Une personne sur six souffre de malnutrition dans le monde. Pendant qu'en Europe, les producteurs jettent des milliers de litres de lait, en Afrique la revolution verte peine à voir le jour.
Par Jennifer KNOCKD'après certains experts, il ne faudrait qu'une étincelle pour que nous assistions à une nouvelle crise alimentaire. A Rome, la semaine dernière, les grands de ce monde ont boudé le sommet des Natons unies sur la sécurité alimentaire. Mais la faim dans le monde, elle, ne fait qu'augmenter.
Cette semaine, nous sommes en Normandie où nous allons nous intéresser à une crise qui se déroule tout près de chez nous, la crise du lait.
Récemment, la crise du lait a fait les gros titres des journaux, elle montre la volatilité du prix des matières premières. Depuis des semaines, les producteurs excédés défilent et deversent des milliers de litre par terre en signe de contestation.
Les producteurs cherchent à tout prix des débouchés plus rentables. Pour survivre, à Lessay, ils produisent un fromage de qualité: le camembert au lait cru. Un produit de terroir qui attire toujours les consommateurs.

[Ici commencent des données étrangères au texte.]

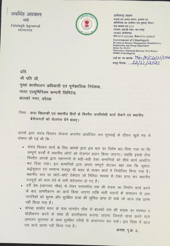 राजस्व मंत्री द्वारा बालको सी.ई.ओ. को लिखे गए पत्र में स्पष्ट तौर पर कहा गया है कि यदि बालको प्रबंधन अपने रवैये में बदलाव लाते हुए किए गए वायदों को पूरा करने की पहल नहीं करता है तो स्थानीय समुदाय से उसे उग्र आंदोलन का सामना करना पड़ सकता है जिसके परिणामस्वरूप संयंत्र में तालाबंदी की स्थिति भी आ सकती है। जयसिंह अग्रवाल ने जन सुनवाई के दौरान बालको प्रबंधन द्वारा किए गए बहुत से वायदों में से जिन प्रमुख बिन्दुओं को तत्काल पूरा करने के लिए पत्र लिखा है उनमें से प्रमुख रूप से स्थानीय बेरोजगारों को रोजगार उपलब्ध कराने के बिन्दु पर राजस्व मंत्री ने लिखा है कि संयंत्र विस्तार कार्य के लिए बालको द्वारा इस बात पर विशेष बल दिया गया था कि सम्पूर्ण कार्यों में स्थानीय लोगों को रोजगार प्रदान किया जाएगा। जबकि इसके ठीक विपरीत बालको द्वारा महानगरों से बड़ी-बड़ी ठेका कम्पनियों को सीधे कार्य आबंटित कर दिया गया। इन कम्पनियों द्वारा अपना सम्पूर्ण सेटअप यहां तक कि कुशल, अर्द्धकुशल एवं सामान्य मजदूर भी बाहर से लाकर कार्य में नियोजित किया जा रहा है।
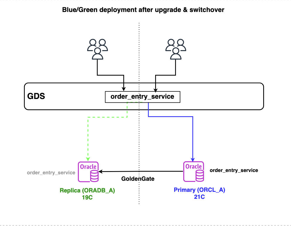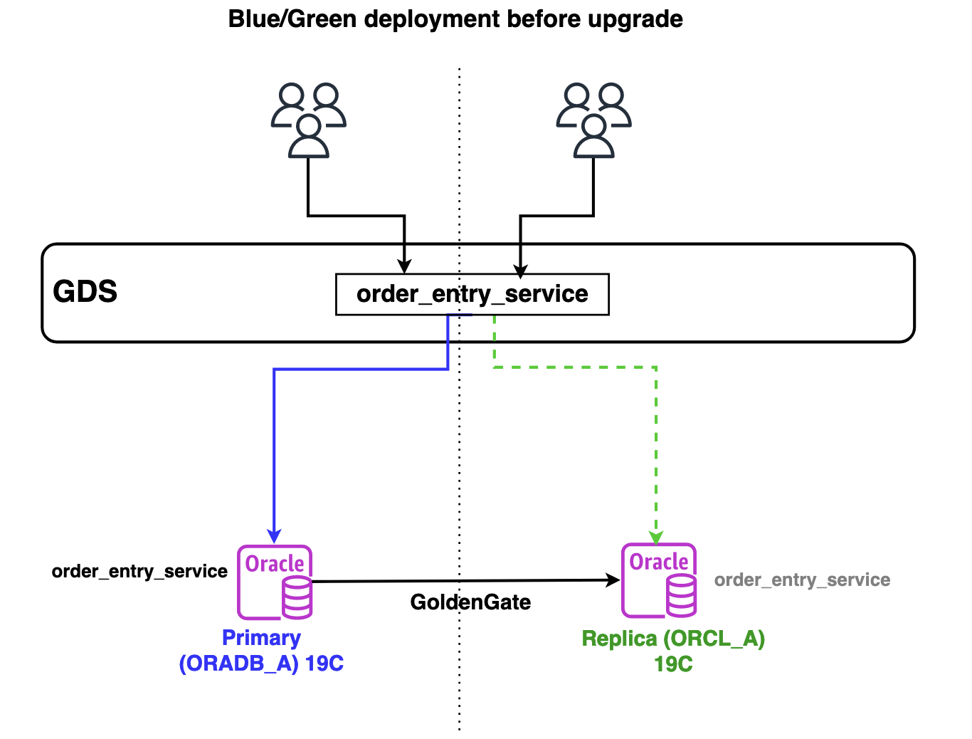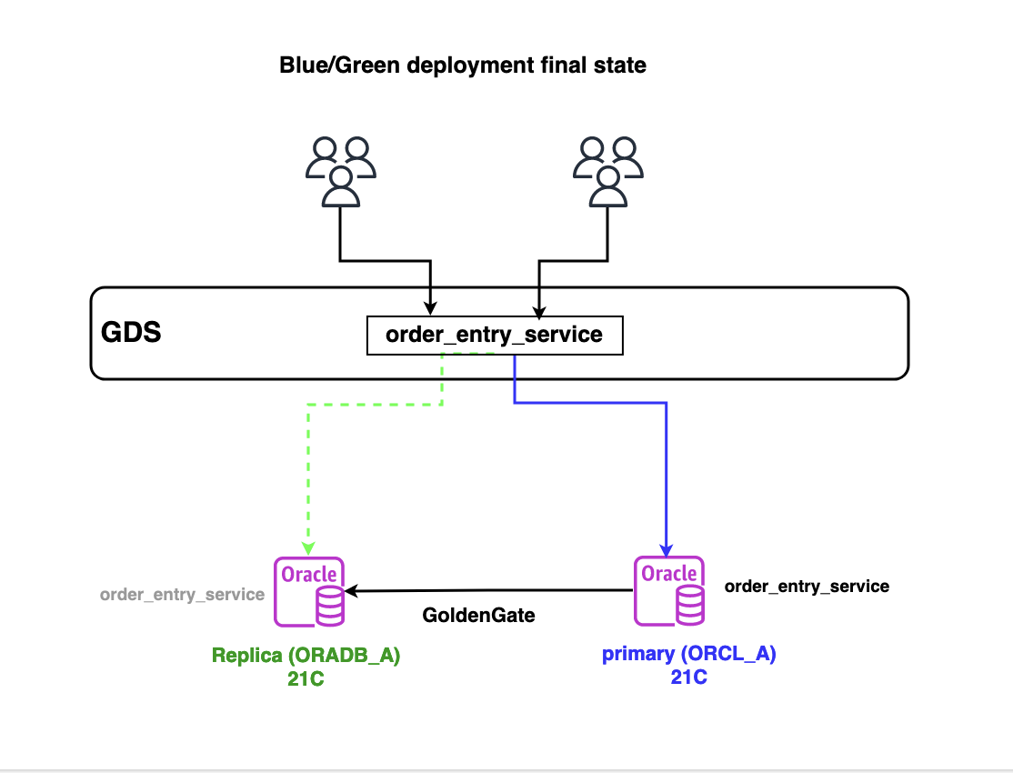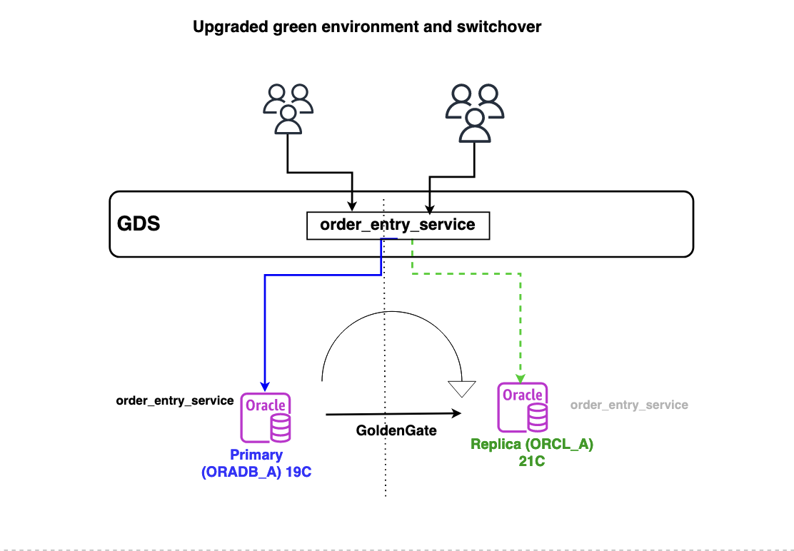 For this particular scenario, we set up a global service named order_entry_srvc. This service is configured to run on the blue deployment of the database while remaining available on the green deployment. When a role switch occurs, order_entry_srvc will be stopped on the former blue deployment and initiated on the current blue deployment, providing a seamless transition for an application.

Le problème de la malnutrition n'est pas seulement dû au manque de nourriture mais surtout à la répartition des surfaces agricoles dans le monde. Au Pakistan 1/4 de la population souffre de la faim au quotidien et pourtant le gouvernement a décidé de louer des centaines de milliers d'hectares de terres au gouvernement saoudien. Un choix incompréhensibles pour les paysans d'Okara.
Enfin, l'Afrique est en pleine explosion démographique mais ce continent devrait payer le prix le plus fort dans les années qui viennent. LAfrique sud-saharienne est la seule région du monde où la production alimentaire par habitant a diminué régulièrement depuis 35 ans, en raison de lépuisement des terres mais aussi de la sécheresse. Au Kenya, des experts agricoles tentent d'initier la révolution verte.